The Worship Experience and Consumerism: What You Need to Know
Marketers have realized that consumers no longer just want to buy a product; they also want to buy an experience with that product. In fact, sometimes more emphasis is placed on the experience than the product. Think about some of those pizza arcades where you celebrated your children’s birthdays. Fortunately the experience was memorable because the pizza certainly wasn’t. Instead of just purchasing a cup of coffee we also now want the experience of purchasing a cup of coffee. We are even willing to pay extra for the sights, sounds and smells with an added experiential bonus if the barista knows our name.
Marketing is an intentional process of identifying who the consumer is, determining the wants and needs of that consumer, and offering a product that satisfies those wants and needs in order to secure their loyalties better than competitors do.
Some of us plan and lead worship the same way.
In an effort to entice more participation, churches offer worship service preferential experiences to get consumers in the door, sometimes even at the expense of quality or honesty. Those marketing headlines attract visitors with hooks such as traditional, contemporary, blended, friendly, family, fellowship, multisensory, relevant, modern, casual, classic or even coffee. But when guests realize worship is something you give, not something you get, how will we encourage them to stay? If we market just by catering to experiential tastes, what will we offer when those tastes change?
We can experience a fine meal. We can experience a baseball game, concert or an amusement park. An experience is an event or occurrence. In fact we even call what we do on Sunday a worship experience. But an experience is something that is done to us or for us. Worship is something we do.
We don’t experience worship…we experience God. Our response to that experience is worship. We can experience the many facets of God inside or outside a worship service but the experience or encounter is not worship, our response is. So a worship service built on an experience alone is shortsighted if it never allows us an opportunity to respond.

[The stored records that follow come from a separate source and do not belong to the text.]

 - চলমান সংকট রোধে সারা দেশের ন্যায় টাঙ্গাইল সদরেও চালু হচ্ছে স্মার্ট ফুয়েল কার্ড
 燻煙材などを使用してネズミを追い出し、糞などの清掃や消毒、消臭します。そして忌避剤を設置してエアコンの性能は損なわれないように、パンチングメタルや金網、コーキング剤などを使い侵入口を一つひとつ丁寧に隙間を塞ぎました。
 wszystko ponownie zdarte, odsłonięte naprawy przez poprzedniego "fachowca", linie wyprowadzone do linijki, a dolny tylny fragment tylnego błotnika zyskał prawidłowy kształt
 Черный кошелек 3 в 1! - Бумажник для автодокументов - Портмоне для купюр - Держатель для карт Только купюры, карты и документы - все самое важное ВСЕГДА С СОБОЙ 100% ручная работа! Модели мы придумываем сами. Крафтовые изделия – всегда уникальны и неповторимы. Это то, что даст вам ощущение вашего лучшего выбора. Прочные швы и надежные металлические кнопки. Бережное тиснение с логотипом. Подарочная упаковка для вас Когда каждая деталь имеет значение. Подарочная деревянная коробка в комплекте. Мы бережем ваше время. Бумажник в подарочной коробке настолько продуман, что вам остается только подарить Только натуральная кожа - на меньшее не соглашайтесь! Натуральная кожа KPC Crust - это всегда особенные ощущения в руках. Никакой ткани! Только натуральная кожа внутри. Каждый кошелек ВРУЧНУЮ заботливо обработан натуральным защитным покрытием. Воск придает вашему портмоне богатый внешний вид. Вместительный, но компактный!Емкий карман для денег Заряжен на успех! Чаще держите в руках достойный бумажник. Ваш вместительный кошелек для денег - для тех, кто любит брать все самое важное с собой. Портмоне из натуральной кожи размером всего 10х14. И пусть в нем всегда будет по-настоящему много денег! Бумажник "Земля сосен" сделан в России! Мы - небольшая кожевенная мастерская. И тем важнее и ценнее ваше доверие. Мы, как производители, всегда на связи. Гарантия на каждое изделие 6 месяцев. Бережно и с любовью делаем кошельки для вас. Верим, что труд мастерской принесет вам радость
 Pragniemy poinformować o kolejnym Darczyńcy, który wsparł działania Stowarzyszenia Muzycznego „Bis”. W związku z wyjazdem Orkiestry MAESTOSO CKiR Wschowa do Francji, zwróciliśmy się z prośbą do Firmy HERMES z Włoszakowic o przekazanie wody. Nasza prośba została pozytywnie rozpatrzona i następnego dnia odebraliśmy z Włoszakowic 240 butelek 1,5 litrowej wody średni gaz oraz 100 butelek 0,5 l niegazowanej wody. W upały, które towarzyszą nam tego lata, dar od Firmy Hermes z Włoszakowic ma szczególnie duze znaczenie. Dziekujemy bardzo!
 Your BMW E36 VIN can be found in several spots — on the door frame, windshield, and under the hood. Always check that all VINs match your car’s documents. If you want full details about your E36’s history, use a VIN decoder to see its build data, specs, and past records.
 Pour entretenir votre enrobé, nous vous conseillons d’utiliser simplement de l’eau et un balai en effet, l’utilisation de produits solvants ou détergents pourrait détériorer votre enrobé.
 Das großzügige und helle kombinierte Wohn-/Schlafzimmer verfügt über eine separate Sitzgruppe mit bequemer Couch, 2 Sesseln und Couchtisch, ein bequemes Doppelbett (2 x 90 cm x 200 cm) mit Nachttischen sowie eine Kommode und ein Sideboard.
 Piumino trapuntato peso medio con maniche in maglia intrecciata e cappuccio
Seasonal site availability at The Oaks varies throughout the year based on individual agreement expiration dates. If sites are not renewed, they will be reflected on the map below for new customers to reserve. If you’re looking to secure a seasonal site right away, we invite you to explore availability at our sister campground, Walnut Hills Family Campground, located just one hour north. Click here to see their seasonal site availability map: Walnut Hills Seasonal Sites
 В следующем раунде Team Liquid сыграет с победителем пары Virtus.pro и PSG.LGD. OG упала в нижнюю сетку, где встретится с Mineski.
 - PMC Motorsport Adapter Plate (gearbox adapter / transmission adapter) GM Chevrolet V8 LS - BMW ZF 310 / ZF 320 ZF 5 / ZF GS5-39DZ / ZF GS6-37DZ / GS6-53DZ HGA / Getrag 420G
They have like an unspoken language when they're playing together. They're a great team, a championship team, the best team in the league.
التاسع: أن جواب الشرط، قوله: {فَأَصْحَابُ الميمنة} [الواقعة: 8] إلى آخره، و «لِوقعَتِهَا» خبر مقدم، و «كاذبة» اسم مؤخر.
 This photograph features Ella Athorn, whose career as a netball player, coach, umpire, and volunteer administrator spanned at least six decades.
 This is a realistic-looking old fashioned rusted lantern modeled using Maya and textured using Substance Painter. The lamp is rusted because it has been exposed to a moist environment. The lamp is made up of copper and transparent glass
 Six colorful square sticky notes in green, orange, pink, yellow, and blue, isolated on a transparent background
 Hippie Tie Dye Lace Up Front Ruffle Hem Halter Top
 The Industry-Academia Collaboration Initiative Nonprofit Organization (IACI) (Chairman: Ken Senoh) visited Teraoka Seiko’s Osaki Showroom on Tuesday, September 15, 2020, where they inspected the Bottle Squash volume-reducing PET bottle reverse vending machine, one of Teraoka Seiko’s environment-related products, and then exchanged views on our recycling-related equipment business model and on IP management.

God’s revelation (experience) is when he offers us a glimpse of his activity, his will, his attributes, his judgment, his discipline, his comfort, his hope and his promises. Our response is the sometimes spontaneous and sometimes prepared reply to that experience…worship.
Depending on worship as an experience can cause us to be satisfied with the sensations elicited by that experience. Consequently, we might select and sing certain songs or even styles of songs because of the experience and then never move beyond that experience to worship. The end result of experiential consumerism is that our songs and sermons must create and recreate that same experience each week or worshipers will leave our services believing worship couldn’t and didn’t occur.